What is required -> For every line in the records that has the word "Love", make a copy.

Stored data ->
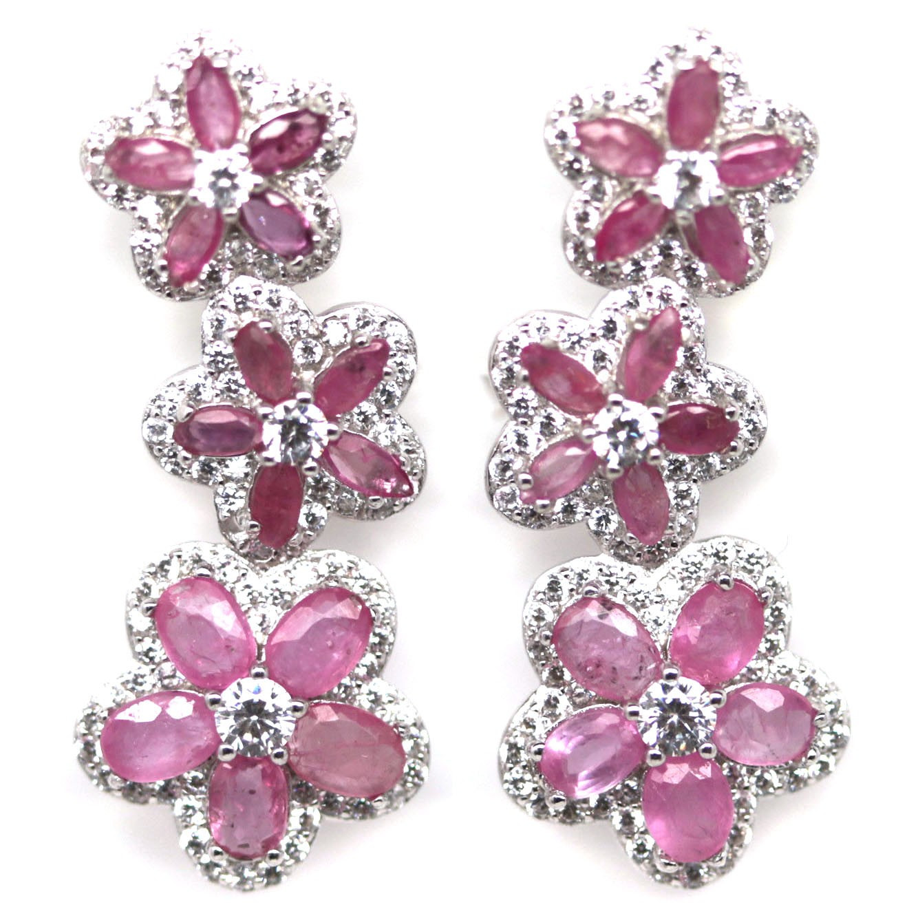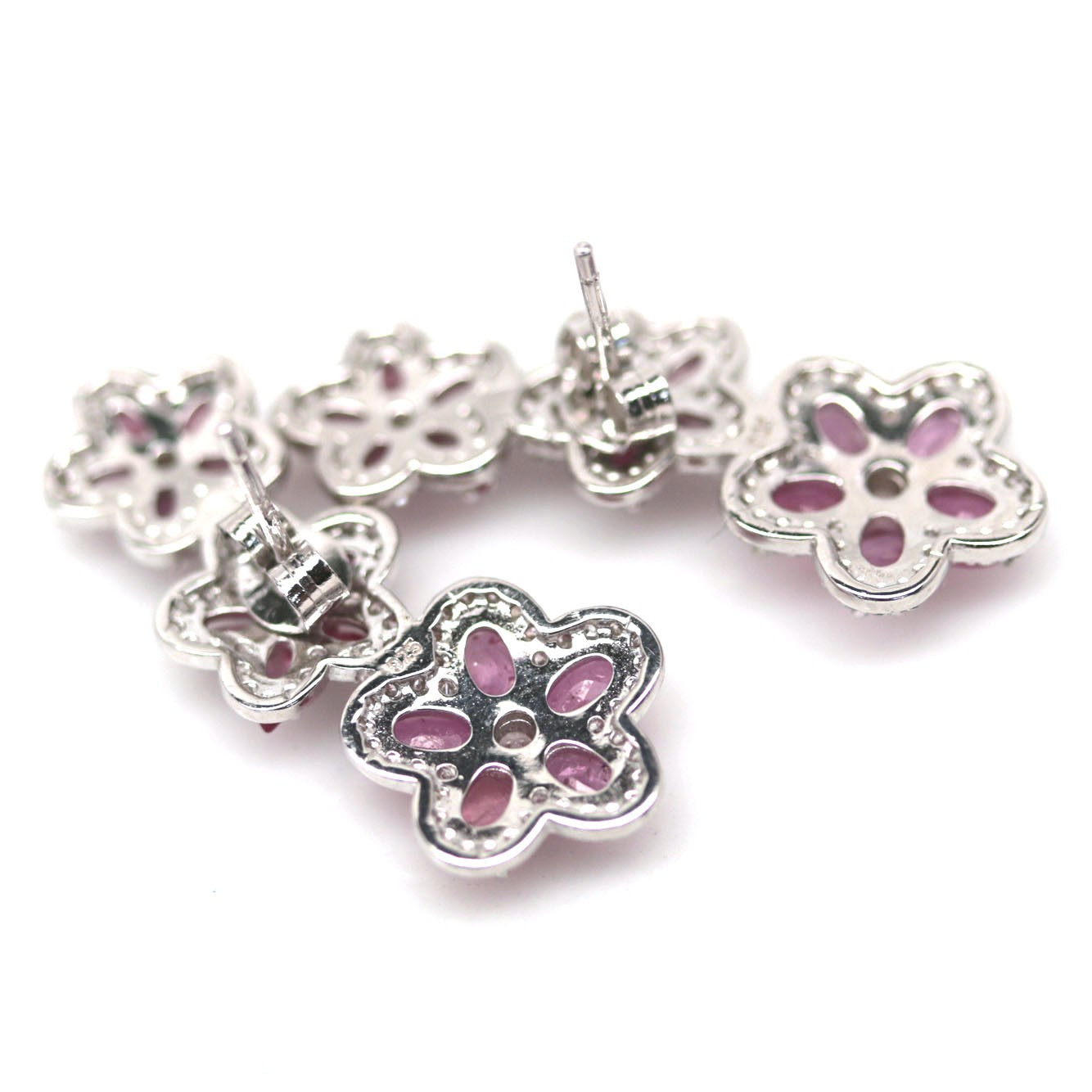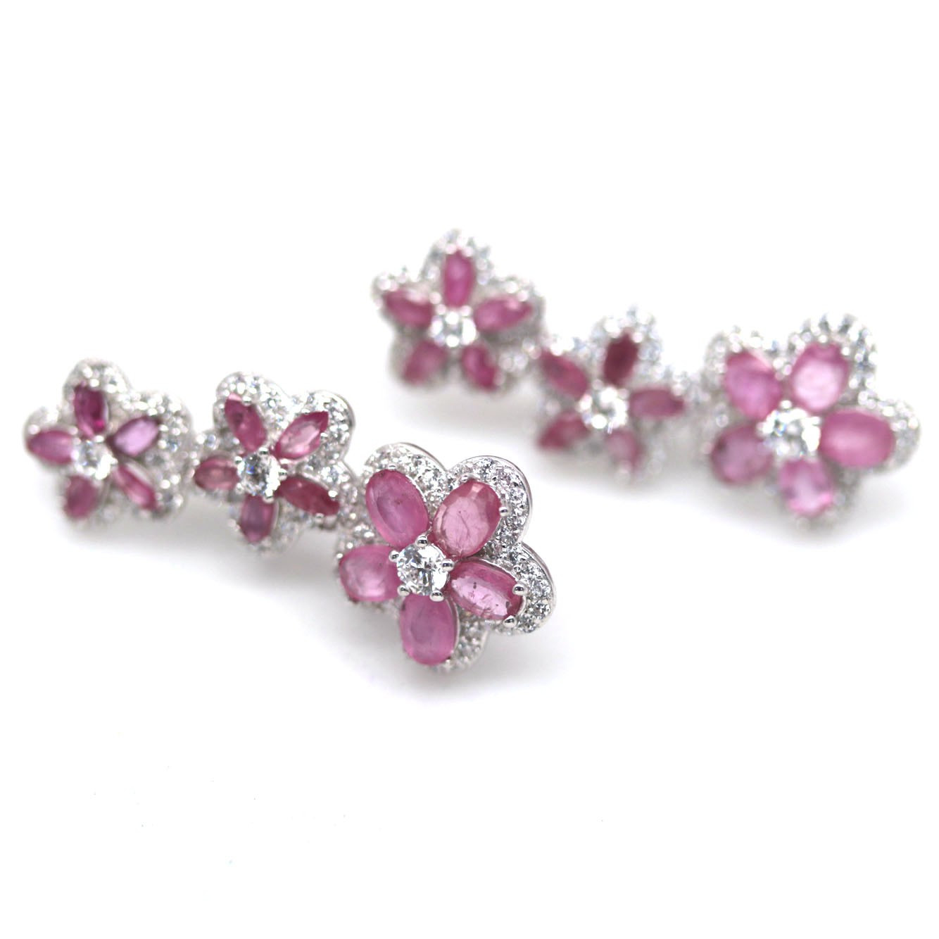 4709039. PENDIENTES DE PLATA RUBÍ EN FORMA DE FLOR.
---
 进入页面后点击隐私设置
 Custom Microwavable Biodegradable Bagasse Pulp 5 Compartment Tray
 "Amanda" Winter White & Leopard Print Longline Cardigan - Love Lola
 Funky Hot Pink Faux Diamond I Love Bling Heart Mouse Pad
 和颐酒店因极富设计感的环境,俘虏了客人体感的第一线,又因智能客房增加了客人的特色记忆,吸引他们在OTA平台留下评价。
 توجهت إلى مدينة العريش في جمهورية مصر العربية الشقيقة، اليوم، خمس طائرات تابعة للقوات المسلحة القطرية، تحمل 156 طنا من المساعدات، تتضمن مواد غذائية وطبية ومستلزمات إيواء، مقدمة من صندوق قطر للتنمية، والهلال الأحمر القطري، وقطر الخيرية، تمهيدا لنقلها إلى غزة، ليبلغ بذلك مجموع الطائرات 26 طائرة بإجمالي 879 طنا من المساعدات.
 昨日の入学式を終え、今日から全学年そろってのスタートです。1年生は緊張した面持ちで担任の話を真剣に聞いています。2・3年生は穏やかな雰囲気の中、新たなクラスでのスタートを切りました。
...
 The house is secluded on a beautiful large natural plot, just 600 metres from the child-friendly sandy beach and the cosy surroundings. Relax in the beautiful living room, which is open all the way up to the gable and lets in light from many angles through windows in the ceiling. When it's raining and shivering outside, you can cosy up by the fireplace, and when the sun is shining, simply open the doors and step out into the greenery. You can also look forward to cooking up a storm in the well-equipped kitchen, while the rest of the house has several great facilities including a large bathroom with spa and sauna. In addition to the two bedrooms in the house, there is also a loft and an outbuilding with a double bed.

Exercise answer ->
 "Amanda" Winter White & Leopard Print Longline Cardigan - Love Lola
 Funky Hot Pink Faux Diamond I Love Bling Heart Mouse Pad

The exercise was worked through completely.